Tensor Model and Shapes
Primary tensor type
Grilly APIs are built around NumPy arrays.
Most compute paths expect np.float32.
Some indexing paths use integer dtypes (np.int32, np.int64).
Several modules can accept tensor-like objects and convert internally.
Shape conventions
Common conventions used by Grilly modules:
Dense feedforward: (batch, features) or (batch, seq, features)
Conv2d family: (batch, channels, height, width)
Attention (module-level): (batch, seq, embed_dim)
Flash attention backend path: often (batch, heads, seq, head_dim)
Memory search: queries (Q, D), database/codebook (N, D)
Why shape discipline matters
Many kernels dispatch with explicit shape-derived workgroups.
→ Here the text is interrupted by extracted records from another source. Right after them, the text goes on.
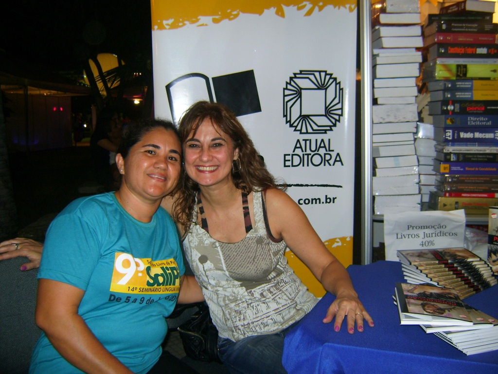 A coordenadora Maria Olinda e a professora Rosilane, do Colégio Diocesano. Esses colégios trabalharão com meu livro Perseguição, da Editora Saraiva.
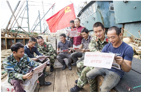 在市残联会议室,市残联工作人员通过报纸向肢残人士讲解习总书记所作的报告(如图一);在东山渔港码头,市边防官兵登上渔船和渔民们一起学习习总书记所作的报告精神(如图二)。大家纷纷表示,该报告为中国未来向前发展绘制了宏伟蓝图,听后备受鼓舞,倍感振奋,心里充满期待。接下来将认真学习、贯彻落实十九大精神,立足本职工作,为决胜全面建成小康社会,实现中华民族伟大复兴的中国梦贡献自己的力量。
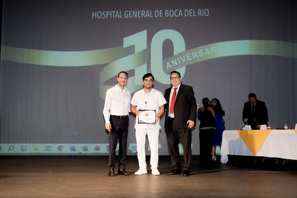 El alcalde Juan Manuel Unánue Abascal, asistió a la ceremonia de aniversario del Hospital General de Boca del Río por sus primeros 10 años prestando atención de calidad a las familias del municipio y de localidades aledañas.

Wrong layout can silently hurt performance or break correctness.
Best practices:
Normalize dtype and layout before call boundaries.
Keep tensors contiguous when possible.
Explicitly print shapes in early pipeline debugging.
Example input guards
import numpy as np
def ensure_f32(x):
x = np.asarray(x)
if x.dtype != np.float32:
x = x.astype(np.float32)
return x
def expect_2d(x):
if x.ndim != 2:
raise ValueError(f"expected 2D tensor, got shape {x.shape}")
return x
Parameter and gradient storage
grilly.nn parameters are stored as parameter-like arrays with optional .grad. Backward calls populate .grad, and optimizers consume those gradients.
For stable training loops:
Forward pass.
Build output gradient for your loss.
model.zero_grad()
model.backward(grad_output)
optimizer.step()